Vision tool-use reinforcement learning reduces tool harm more than it teaches effective correction

A machine-rendered reading of the paper's core claim, the machinery that carries it, and where it could break.

The paper introduces the MED framework to separate performance gains in vision language models using crop-and-zoom tools into those from the model's own improving vision skills versus those from better tool handling. It shows that most gains come from intrinsic capability growth while the reinforcement learning step mainly cuts down on tool-related mistakes like bad calls and schema conflicts. A sympathetic reader would care because this distinction reveals whether current methods are actually building tool mastery or simply making models safer around tools they still use clumsily. The work tests this across multiple models and benchmarks to track how these effects evolve over training checkpoints.

Core claim

In the crop-and-zoom setting on two VLMs and six benchmarks, performance improvements under vision tool-use RL are dominated by intrinsic learning rather than tool-use advances. Tool-induced effects consist mainly of reduced harm such as fewer call-induced errors and weaker schema interference, with only limited progress toward using the tool to correct intrinsic model failures. Overall the RL process teaches models to coexist safely with tools instead of mastering their corrective use.

What carries the argument

The MED framework, which measures total performance differences then decomposes tool-induced portions into separate gain and harm terms to isolate tool effects from intrinsic changes.

If this is right

  • Intrinsic capability growth drives the bulk of observed performance lifts in tool-augmented RL.
  • Reinforcement learning mainly shrinks tool-induced harm including call errors and schema interference.
  • Tool-based correction of intrinsic failures shows only modest improvement across checkpoints.
  • Models acquire safer tool coexistence rather than active tool mastery in the studied setting.

Where Pith is reading between the lines

These are editorial extensions of the paper, not claims the author makes directly.

  • Future work could test whether stronger reward signals focused on successful corrections would shift the balance toward genuine tool mastery.
  • The same disentanglement approach might reveal similar patterns when applied to other vision operators beyond crop-and-zoom.
  • If intrinsic learning continues to dominate, scaling RL compute alone may not produce models that reliably leverage tools to overcome their own weaknesses.

Load-bearing premise

The MED decomposition isolates tool-induced effects from intrinsic changes without leftover influence from benchmark selection, model starting points, or specific checkpoints.

What would settle it

Run a controlled experiment that measures whether post-RL models correct specific intrinsic vision errors via crop-and-zoom calls at a higher rate than pre-RL models while holding intrinsic capability fixed; a clear increase would challenge the limited-correction finding.

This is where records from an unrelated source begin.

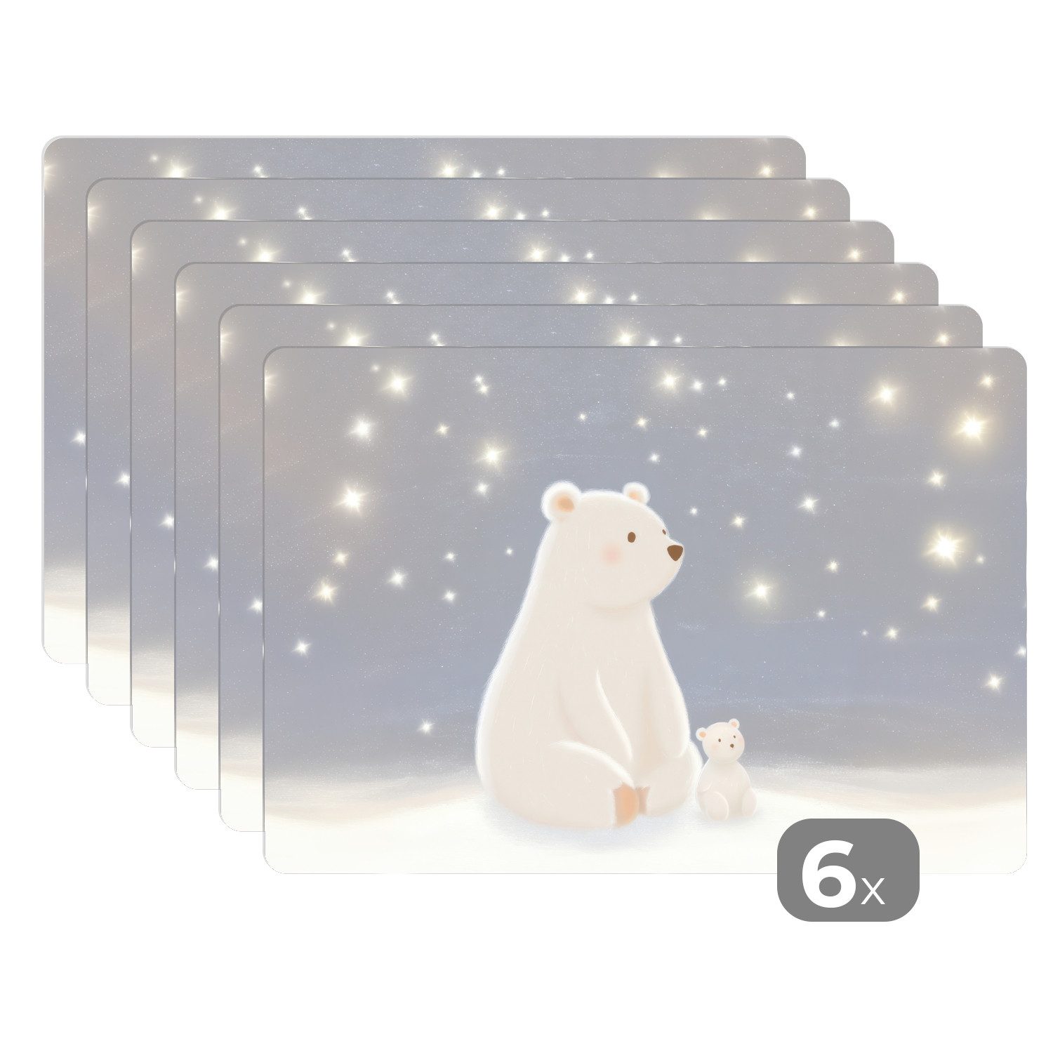Ein großer und ein kleiner Eisbär sitzen zusammen im Schnee, umgeben von glitzernden Sternen. Die sanften Farben schaffen eine verträumte und warme Atmosphäre.
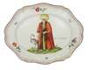 of shaped oval form, painted with a robed Turkish figure accompanied by a flamingo, with the inscription 'Turco con Fenicottero', within a red border with flower sprigs
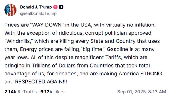 The price of gold climbed to its highest ever level on Monday, reaching $3,485 per ounce after a 1% spike, according to GoldPrice. It came after Trump posted to his social media platform Truth Social on Sunday, stating, “prices are ‘WAY DOWN’ in the USA, with virtually no inflation.”
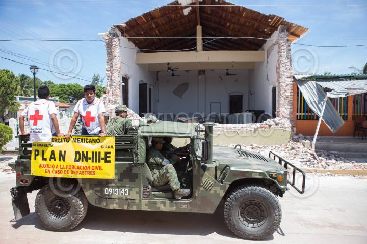 ASUNCIÓN IXTALTEPEC, OAXACA, 13SEPTIEMBRE2017.- Militares y voluntarios de la Cruz Roja patrullan las calles los municipios afectados por el sismo de la semana pasada, brindar ayudar a los damnificados del sismo de 8.2 grados en la escala de Richter. FOTO: TERCERO DÍAZ /CUARTOSCURO.COM

read the original abstract

Vision tool-use reinforcement learning (RL) can equip vision language models with visual operators such as crop-and-zoom and achieves strong performance gains, yet it remains unclear whether these gains are driven by improvements in tool use or evolving intrinsic capabilities. We introduce MED (Measure--Explain--Diagnose), a coarse-to-fine framework that disentangles intrinsic capability changes from tool-induced effects, decomposes the tool-induced performance difference into gain and harm terms, and probes the mechanisms driving their evolution. Across checkpoint-level analyses in the crop-and-zoom setting on two VLMs with different tool priors and six benchmarks, we find that improvements are dominated by intrinsic learning, while tool-use RL mainly reduces tool-induced harm (e.g., fewer call-induced errors and weaker tool schema interference) and yields limited progress in tool-based correction of intrinsic failures. Overall, in the crop-and-zoom setting studied here, current vision tool-use RL learns to coexist safely with tools rather than master them.

Editorial analysis

A structured set of objections, weighed in public.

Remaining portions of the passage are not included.